Thanks, Johannes, for your response. Yes, I’m using version 4.4.3. I’ve now applied the bugfix in stochastic_solvers.m. This changes the results, but not in the respect I was focusing on: the start level of the state variable.

Your example “Hansen_exo_det_forecast.mod” was helpful, indeed. Quite a difference with the Juillard example I started with; and it solves the issue with the starting level of the state variable. I’m still curious how to handle a permanent parameter change. (In your example the parameter change was temporary.) In the attached model (example_Pfeifer_03.mod) I’ve introduced a permanent anticipated shock to productivity (productivity increases by 1 percent in period 8 and remains at this level). Would you code it in the same way? Do I see it correctly that the final steady state (at productivity level exp(0.01)) does not play a role in solution and forecast?

Is there a detailed documentation of what “forecast” precisely does in a case with an exogenous parameter change?
example_Pfeifer_03.mod (3.03 KB)

Using a one-time shock to a unit root variable is one way to achieve a permanent shock.

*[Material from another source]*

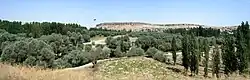 It is situated 1,119.5 metres (3,673 ft) above sea level, a little higher than the region's average of c. 1,000 metres (3,300 ft). The site itself is about 4 hectares (9.9 acres),[2] considerably smaller than the closely situated site of Çatalhöyük (13 ha (32 acres)).[3][4] The surrounding landscape is formed by erosion of river valleys into tuff deposits. The Melendiz Valley, where the Aşıklı Höyük is located, constitutes a favourable, fertile, and diverse habitat. The proximity to an obsidian source did become the base of a trade with the material supplying areas as far away as today's Cyprus and Iraq.[2][5]

In a stochastic context, Dynare approximates the decision rules around the initial steady state. Therefore, the “terminal steady state” does not play a role (keep in mind that there is an approximation error involved).

What my mod-file initially showed is that a news shock and a deterministic exogenous shock are equivalent at first order. What you need to ask yourself is which question you want to answer.

What forecast does it simply iterating the state-space solution of the model forward from the historical values for a given sequence of shocks that you provide.